10 июля подошли к деревне Гехи, близ Гехинского леса, и, предав огню поля, стали лагерем. Неприятель пытался было подкрасться к нему ночью, но был открыт секретами и ретировался. На заре 11 июля отряд двинулся. Неприятель нигде не показывался, и авангард вступил в густой Гехинский лес и пошел по узкой лесной дороге. Несколько выстрелов в боковой цепи только указывали, что неприятель не дремлет. Опасность ждала впереди… Приходилось пройти большую, окаймленную со всех сторон лесом поляну. Впереди виднелся Валерик, то есть "речка смерти", названная так старинными людьми в память кровопролитной стычки на ней. Валерик протекал по самой опушке леса, меж глубоких, совершенно отвесных берегов. Воды в речке, пересекавшей дорогу под прямым углом, было много. Правый берег ее, обращенный к отряду, был совершенно открыт, по левому тянулся лес, вырубленный около дороги на небольшой ружейный выстрел. Тут было удобное место для устройства неприятельских завалов. Они и были, как оказалось, им устроены из толстых срубленных деревьев. Как за бруствером крепости, стоял враг, защищаемый глубоким водяным рвом, образуемым речкою.

Подойдя к месту на картечный выстрел, артиллерия открыла огонь. Ни одного ответного выстрела; ни малейшего движения не было заметно. Местность казалась вымершею. Весь отряд двинулся еще вперед и подошел к лесу на ружейный или пистолетный выстрел. Было решено сделать привал; пехота же должна была проникнуть в лес и обеспечить переправу. Но едва артиллерия начала сниматься с передков, как чеченцы внезапно со всех сторон открыли убийственный огонь.

В одно мгновение войска двинулись вперед с обеих сторон дороги. Добежав до леса, они неожиданно были остановлены отвесными берегами речки и срубами из бревен, приготовленными неприятелем за трое суток до столкновения. Отсюда-то он и производил убийственный огонь. Били на выбор офицеров и солдат, двигавшихся по открытой местности. Войска поняли, что стрелять в людей, прикрытых деревьями, имевшими по аршину в поперечнике, – дело напрасное… кинулись вперед через речку, помогая друг другу, по грудь в воде. Все спасение было в том, чтобы как можно скорее перебраться к неприятелю. Начался упорный рукопашный бой, частью в лесу, частью в водах быстро текущего Валерика. Резались несколько часов. Кинжал и шашка уступили наконец штыку. Но долго еще в лесу слышались выстрелы… Дело было небольшое, но кровопролитное.

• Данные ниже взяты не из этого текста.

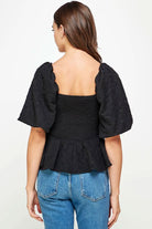 Balloon Sleeve Jacquard Top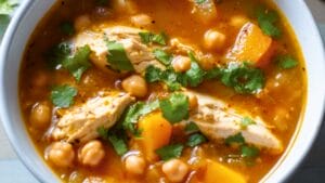 Easy Spiced Chicken Soup with Squash & Chickpeas One Pot Recipe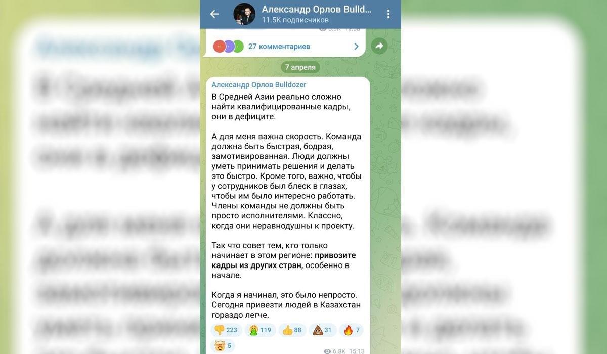 «Біз шетелден келген тамаша адамдармыз, енді сізге, жергілікті тұрғындарға жұмыс істеуді үйретеміз» деген ұстанымы осыдан 20 жыл бұрын ескірген. Енді Орловтың барлық жобалары бір түнде жабылып қалса, Қазақстанның мейрамхана нарығында сапалы құлдырау болмайтыны сөзсіз. Орлов мекемелеріне Қазақстанға ешқандай серпіліс ұсынылмады - бұл басқа мейрамханалар сияқты. Демек, Орловтың жергілікті жердегі жақсы кадрларды таба алмауы – оның кадрмен жұмыс істеуді білмеуінің немесе жай ғана біржақты ұстанымының нәтижесі» дейді Есімханов.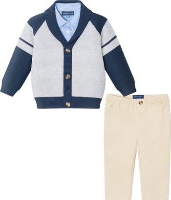 Little ones will look cute and coordinated in this three-piece set that features a cozy cardigan, a dapper long-sleeve shirt and polished pants that have a stretchy elastic waist.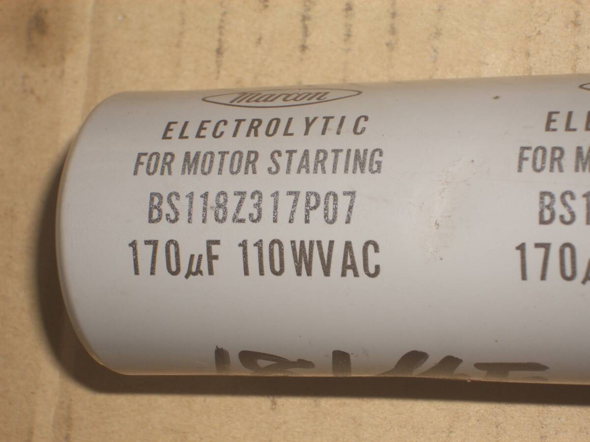 170μファラッド、110WVAC、端子部を除いた大きさは直径36ミリ、長さ83ミリ、容量は確認済みです。

"Вообрази себе, – пишет Лермонтов A. A. Лопухину, – что в овраге, где была потеха, час после дела еще пахло кровью". В том же письме поэт говорит, что "в русском отряде убыло 30 офицеров и 300 рядовых. Чеченцев осталось на месте 600 трупов".

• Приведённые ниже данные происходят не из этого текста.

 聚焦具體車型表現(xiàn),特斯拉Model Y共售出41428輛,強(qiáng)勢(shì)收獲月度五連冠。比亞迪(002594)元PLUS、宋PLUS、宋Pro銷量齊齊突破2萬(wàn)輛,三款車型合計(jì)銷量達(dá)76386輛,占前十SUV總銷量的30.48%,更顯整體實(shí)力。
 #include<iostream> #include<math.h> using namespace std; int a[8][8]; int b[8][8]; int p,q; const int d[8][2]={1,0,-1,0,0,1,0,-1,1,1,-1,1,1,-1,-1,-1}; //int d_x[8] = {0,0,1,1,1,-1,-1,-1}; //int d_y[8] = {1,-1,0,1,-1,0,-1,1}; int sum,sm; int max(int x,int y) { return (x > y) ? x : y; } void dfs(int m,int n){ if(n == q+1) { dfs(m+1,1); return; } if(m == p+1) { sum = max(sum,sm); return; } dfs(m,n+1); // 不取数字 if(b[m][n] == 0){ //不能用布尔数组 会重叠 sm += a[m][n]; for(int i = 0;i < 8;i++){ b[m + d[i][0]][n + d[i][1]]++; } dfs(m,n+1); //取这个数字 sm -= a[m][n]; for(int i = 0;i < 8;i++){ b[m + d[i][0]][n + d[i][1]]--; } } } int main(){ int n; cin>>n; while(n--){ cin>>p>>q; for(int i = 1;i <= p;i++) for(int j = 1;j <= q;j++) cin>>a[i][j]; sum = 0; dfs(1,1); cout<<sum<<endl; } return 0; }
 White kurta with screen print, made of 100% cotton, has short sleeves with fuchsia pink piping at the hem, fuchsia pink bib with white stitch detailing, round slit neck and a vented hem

Последнее известие, конечно, преувеличено. Вероятно, так говорили в лагере. Чеченцы находились за прикрытиями, и потери их должны были быть меньше наших. По крайней мере в официальном донесении Галафьева говорится, что неприятель на месте оставил 150 тел.

Хотя Лермонтов ни в стихотворениях, ни в письмах не упоминает о роли, какую играл он лично в боях, но что он принимал в них участие активное и был не из последних удальцов, видно из донесения Галафьева Граббе 8 октября 1840 года. Там говорится так:

"Тенгинского пехотного полка Лермонтов, во время штурма неприятельских завалов на реке Валерик, имел поручение наблюдать за действиями передовой штурмовой колонны и уведомлять начальника отряда об ее успехах, что было сопряжено с величайшею для него опасностью от неприятеля, скрывавшегося в лесу за деревьями и кустами. Но офицер этот, несмотря ни на какие опасности, исполнял возложенное на него поручение с отличным мужеством и хладнокровием и с первыми рядами храбрейших ворвался в неприятельские завалы".

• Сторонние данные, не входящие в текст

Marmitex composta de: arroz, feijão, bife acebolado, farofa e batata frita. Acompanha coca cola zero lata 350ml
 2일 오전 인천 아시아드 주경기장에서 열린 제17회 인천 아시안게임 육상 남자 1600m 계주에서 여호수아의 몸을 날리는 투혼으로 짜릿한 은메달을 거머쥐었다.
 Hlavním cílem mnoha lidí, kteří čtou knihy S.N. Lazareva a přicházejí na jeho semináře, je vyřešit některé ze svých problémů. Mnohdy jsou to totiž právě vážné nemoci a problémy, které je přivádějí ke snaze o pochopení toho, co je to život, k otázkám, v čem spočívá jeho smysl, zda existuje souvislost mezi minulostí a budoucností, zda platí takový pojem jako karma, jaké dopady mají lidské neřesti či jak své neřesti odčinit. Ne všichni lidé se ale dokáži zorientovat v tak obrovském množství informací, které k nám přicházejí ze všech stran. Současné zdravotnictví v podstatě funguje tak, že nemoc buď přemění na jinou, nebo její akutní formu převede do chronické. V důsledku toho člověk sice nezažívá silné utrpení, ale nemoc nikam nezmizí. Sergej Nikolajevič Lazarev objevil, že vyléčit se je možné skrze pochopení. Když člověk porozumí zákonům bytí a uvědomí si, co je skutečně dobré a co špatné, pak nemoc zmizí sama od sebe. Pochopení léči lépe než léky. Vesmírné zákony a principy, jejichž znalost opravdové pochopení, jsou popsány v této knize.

За дело под Валериком для Лермонтова испрашивался орден Св. Владимира четвертой степени с бантом, что в те времена для столь молодого человека являлось высокою наградою.

Экспедиция, длившаяся девять дней, окончилась, и 14 июля отряд генерала Галафьева вернулся в Грозную. Отдых продолжался, однако, недолго. Недобрые вести о действиях Шамиля принуждают отряд снова выйти в поход. Он двинулся через крепость Внезапную к Мятелинской переправе и, простояв здесь лагерем, направился к Темир-Хан-Шуре. Серьезных столкновений не было. Горцы рассеялись с приближением наших войск, и Галафьев, окончив работы по укреплению Герзель-аула, вернулся к Грозной 9 августа.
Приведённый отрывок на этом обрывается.